• Task: Below is a listing. Write out exactly its lines between the one holding "Admiral Reginald Drax, vodja" and the one holding "Ormož. (Velika manifestacija", inclusive.

Provided data Block Start

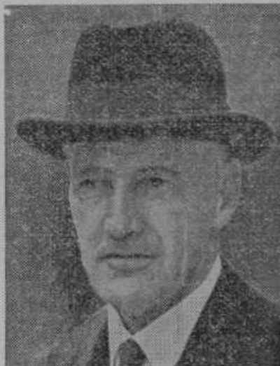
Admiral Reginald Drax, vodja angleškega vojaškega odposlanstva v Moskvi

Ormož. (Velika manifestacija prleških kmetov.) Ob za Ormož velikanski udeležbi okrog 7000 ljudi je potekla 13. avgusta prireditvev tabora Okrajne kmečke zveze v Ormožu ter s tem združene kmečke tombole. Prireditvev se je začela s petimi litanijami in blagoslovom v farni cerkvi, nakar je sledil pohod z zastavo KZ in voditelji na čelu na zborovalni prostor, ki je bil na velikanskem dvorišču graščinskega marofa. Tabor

Provided data Block End
Provided data Block Start

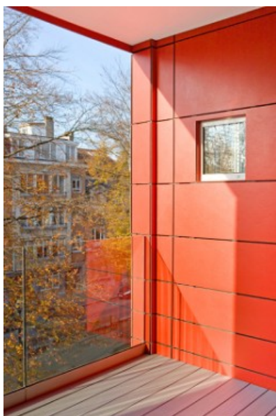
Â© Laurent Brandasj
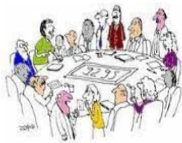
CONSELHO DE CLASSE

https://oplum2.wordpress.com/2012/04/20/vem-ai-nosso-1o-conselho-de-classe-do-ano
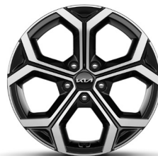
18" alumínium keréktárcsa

Provided data Block End

• Result of the exercise:
Admiral Reginald Drax, vodja angleškega vojaškega odposlanstva v Moskvi

Ormož. (Velika manifestacija prleških kmetov.) Ob za Ormož velikanski udeležbi okrog 7000 ljudi je potekla 13. avgusta prireditvev tabora Okrajne kmečke zveze v Ormožu ter s tem združene kmečke tombole. Prireditvev se je začela s petimi litanijami in blagoslovom v farni cerkvi, nakar je sledil pohod z zastavo KZ in voditelji na čelu na zborovalni prostor, ki je bil na velikanskem dvorišču graščinskega marofa. Tabor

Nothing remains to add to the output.